» **DATASET CONTENT**
● ● ● ● ●

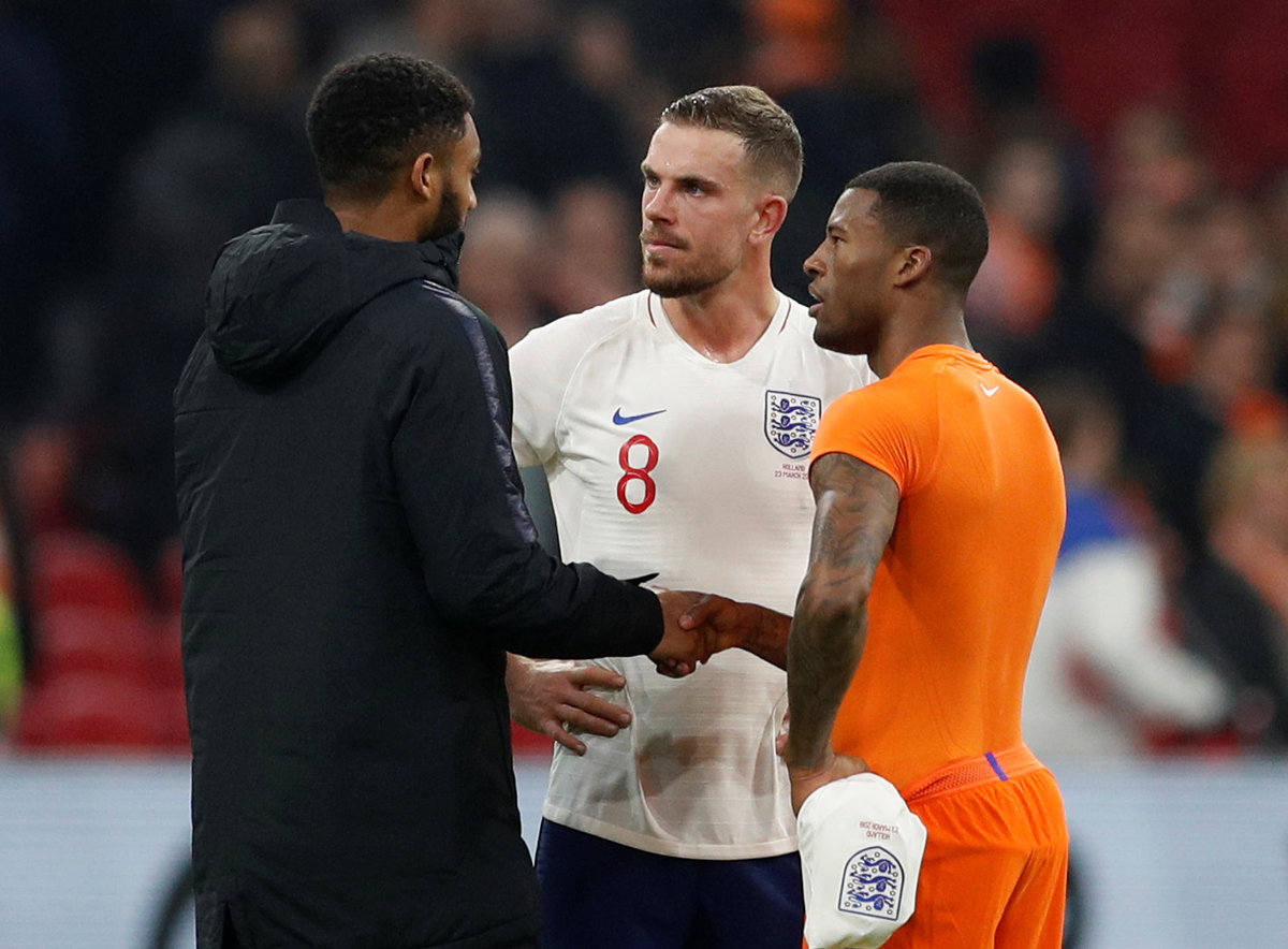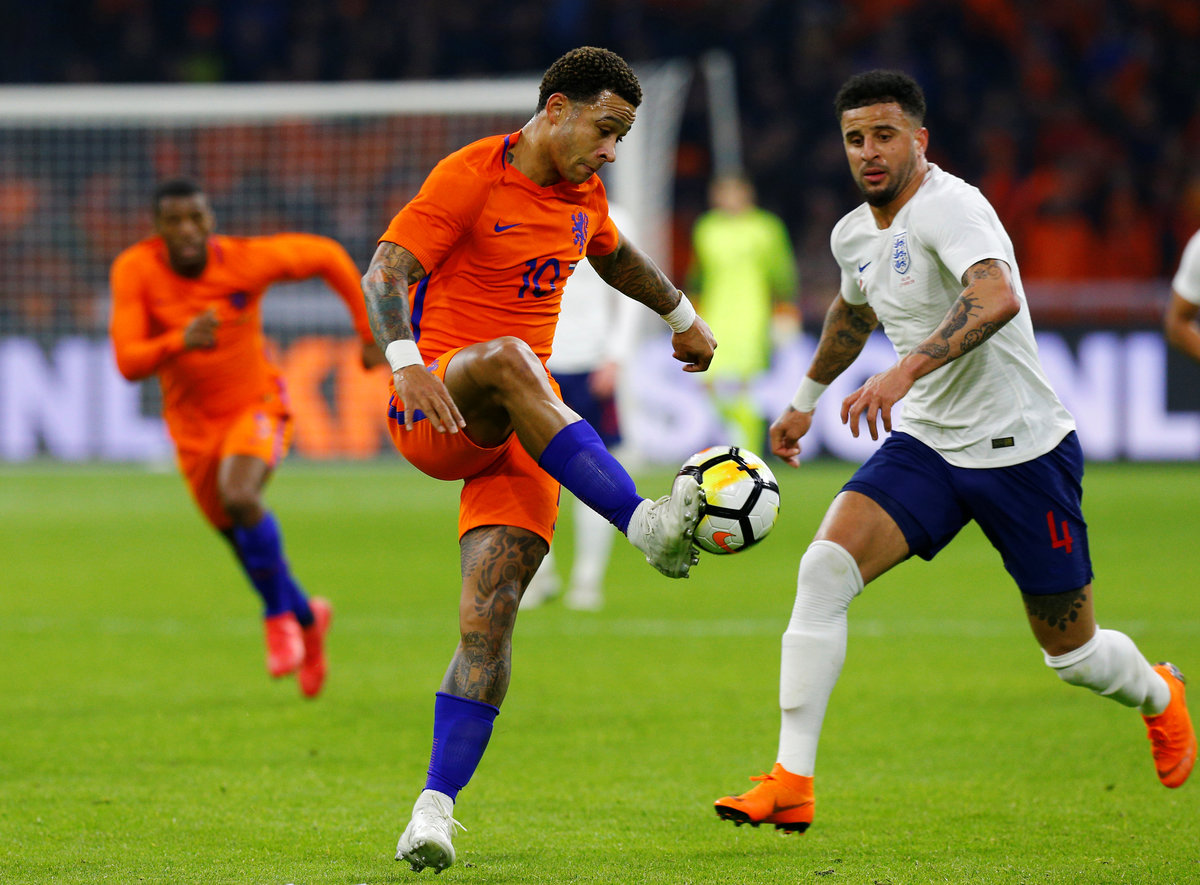 Soccer Football - International Friendly - Netherlands vs England - Johan Cruijff Arena, Amsterdam, Netherlands - March 23, 2018 Netherlands' Memphis Depay in action with England’s Kyle Walker REUTERS/Michael KoorenSoccer Football - International Friendly - Netherlands vs England - Johan Cruijff Arena, Amsterdam, Netherlands - March 23, 2018 England’s Danny Welbeck, Harry Maguire, Jordan Henderson and Kyle Walker in a wall against a freekick from Netherlands' Memphis Depay Action Images via Reuters/John SibleySoccer Football - International Friendly - Netherlands vs England - Johan Cruijff Arena, Amsterdam, Netherlands - March 23, 2018 Netherlands' Memphis Depay in action with England’s Kyle Walker REUTERS/Michael KoorenSoccer Football - International Friendly - Netherlands vs England - Johan Cruijff Arena, Amsterdam, Netherlands - March 23, 2018 Netherlands' Quincy Promes in action with England’s John Stones REUTERS/Michael KoorenSoccer Football - International Friendly - Netherlands vs England - Johan Cruijff Arena, Amsterdam, Netherlands - March 23, 2018 England’s Marcus Rashford in action with Netherlands' Matthijs de Ligt and Jeroen Zoet Action Images via Reuters/John SibleySoccer Football - International Friendly - Netherlands vs England - Johan Cruijff Arena, Amsterdam, Netherlands - March 23, 2018 England manager Gareth Southgate with England’s James Tarkowski after the match REUTERS/Michael KoorenSoccer Football - International Friendly - Netherlands vs England - Johan Cruijff Arena, Amsterdam, Netherlands - March 23, 2018 England’s Raheem Sterling in action with Netherlands' Patrick van Aanholt Action Images via Reuters/John SibleySoccer Football - International Friendly - Netherlands vs England - Johan Cruijff Arena, Amsterdam, Netherlands - March 23, 2018 Netherlands' Hans Hateboer and Virgil van Dijk after the match Action Images via Reuters/John SibleySoccer Football - International Friendly - Netherlands vs England - Johan Cruijff Arena, Amsterdam, Netherlands - March 23, 2018 Netherlands' Stefan de Vrij shoots at goal REUTERS/Michael KoorenSoccer Football - International Friendly - Netherlands vs England - Johan Cruijff Arena, Amsterdam, Netherlands - March 23, 2018 England’s Jordan Henderson and Joe Gomez with Netherlands' Georginio Wijnaldum after the match Action Images via Reuters/John SibleySoccer Football - International Friendly - Netherlands vs England - Johan Cruijff Arena, Amsterdam, Netherlands - March 23, 2018 England’s Raheem Sterling in action Action Images via Reuters/John Sibley
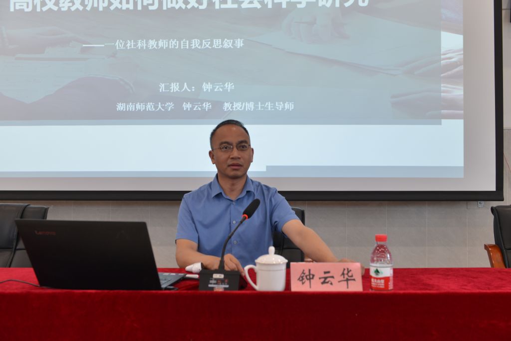 为进一步营造学校科研学术氛围,激发广大教师的科研积极性,提升科研能力,6月30日上午,我校举办了以“高校教师如何做好社会科学研究”为主题的专题讲座💃🏼。本次讲座由湖南师范大学教育科学学院钟云华教授主讲👩🍼,我校副校长文孟飞出席培训会议👩🦼✪,全校教职工参加培训,会议由科研处处长何曙光主持🐁🦜。
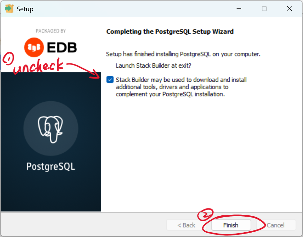 - When installation completed, make sure to uncheck the Stack Builder and then hit the finish button to exit.

● ● ● ● ●

» **PROBLEM TO SOLVE**
The lines above must be transcribed exactly, with every picture left out.

» **COMPLETED TASK**
 Soccer Football - International Friendly - Netherlands vs England - Johan Cruijff Arena, Amsterdam, Netherlands - March 23, 2018 Netherlands' Memphis Depay in action with England’s Kyle Walker REUTERS/Michael KoorenSoccer Football - International Friendly - Netherlands vs England - Johan Cruijff Arena, Amsterdam, Netherlands - March 23, 2018 England’s Danny Welbeck, Harry Maguire, Jordan Henderson and Kyle Walker in a wall against a freekick from Netherlands' Memphis Depay Action Images via Reuters/John SibleySoccer Football - International Friendly - Netherlands vs England - Johan Cruijff Arena, Amsterdam, Netherlands - March 23, 2018 Netherlands' Memphis Depay in action with England’s Kyle Walker REUTERS/Michael KoorenSoccer Football - International Friendly - Netherlands vs England - Johan Cruijff Arena, Amsterdam, Netherlands - March 23, 2018 Netherlands' Quincy Promes in action with England’s John Stones REUTERS/Michael KoorenSoccer Football - International Friendly - Netherlands vs England - Johan Cruijff Arena, Amsterdam, Netherlands - March 23, 2018 England’s Marcus Rashford in action with Netherlands' Matthijs de Ligt and Jeroen Zoet Action Images via Reuters/John SibleySoccer Football - International Friendly - Netherlands vs England - Johan Cruijff Arena, Amsterdam, Netherlands - March 23, 2018 England manager Gareth Southgate with England’s James Tarkowski after the match REUTERS/Michael KoorenSoccer Football - International Friendly - Netherlands vs England - Johan Cruijff Arena, Amsterdam, Netherlands - March 23, 2018 England’s Raheem Sterling in action with Netherlands' Patrick van Aanholt Action Images via Reuters/John SibleySoccer Football - International Friendly - Netherlands vs England - Johan Cruijff Arena, Amsterdam, Netherlands - March 23, 2018 Netherlands' Hans Hateboer and Virgil van Dijk after the match Action Images via Reuters/John SibleySoccer Football - International Friendly - Netherlands vs England - Johan Cruijff Arena, Amsterdam, Netherlands - March 23, 2018 Netherlands' Stefan de Vrij shoots at goal REUTERS/Michael KoorenSoccer Football - International Friendly - Netherlands vs England - Johan Cruijff Arena, Amsterdam, Netherlands - March 23, 2018 England’s Jordan Henderson and Joe Gomez with Netherlands' Georginio Wijnaldum after the match Action Images via Reuters/John SibleySoccer Football - International Friendly - Netherlands vs England - Johan Cruijff Arena, Amsterdam, Netherlands - March 23, 2018 England’s Raheem Sterling in action Action Images via Reuters/John Sibley
 为进一步营造学校科研学术氛围,激发广大教师的科研积极性,提升科研能力,6月30日上午,我校举办了以“高校教师如何做好社会科学研究”为主题的专题讲座💃🏼。本次讲座由湖南师范大学教育科学学院钟云华教授主讲👩🍼,我校副校长文孟飞出席培训会议👩🦼✪,全校教职工参加培训,会议由科研处处长何曙光主持🐁🦜。
 - When installation completed, make sure to uncheck the Stack Builder and then hit the finish button to exit.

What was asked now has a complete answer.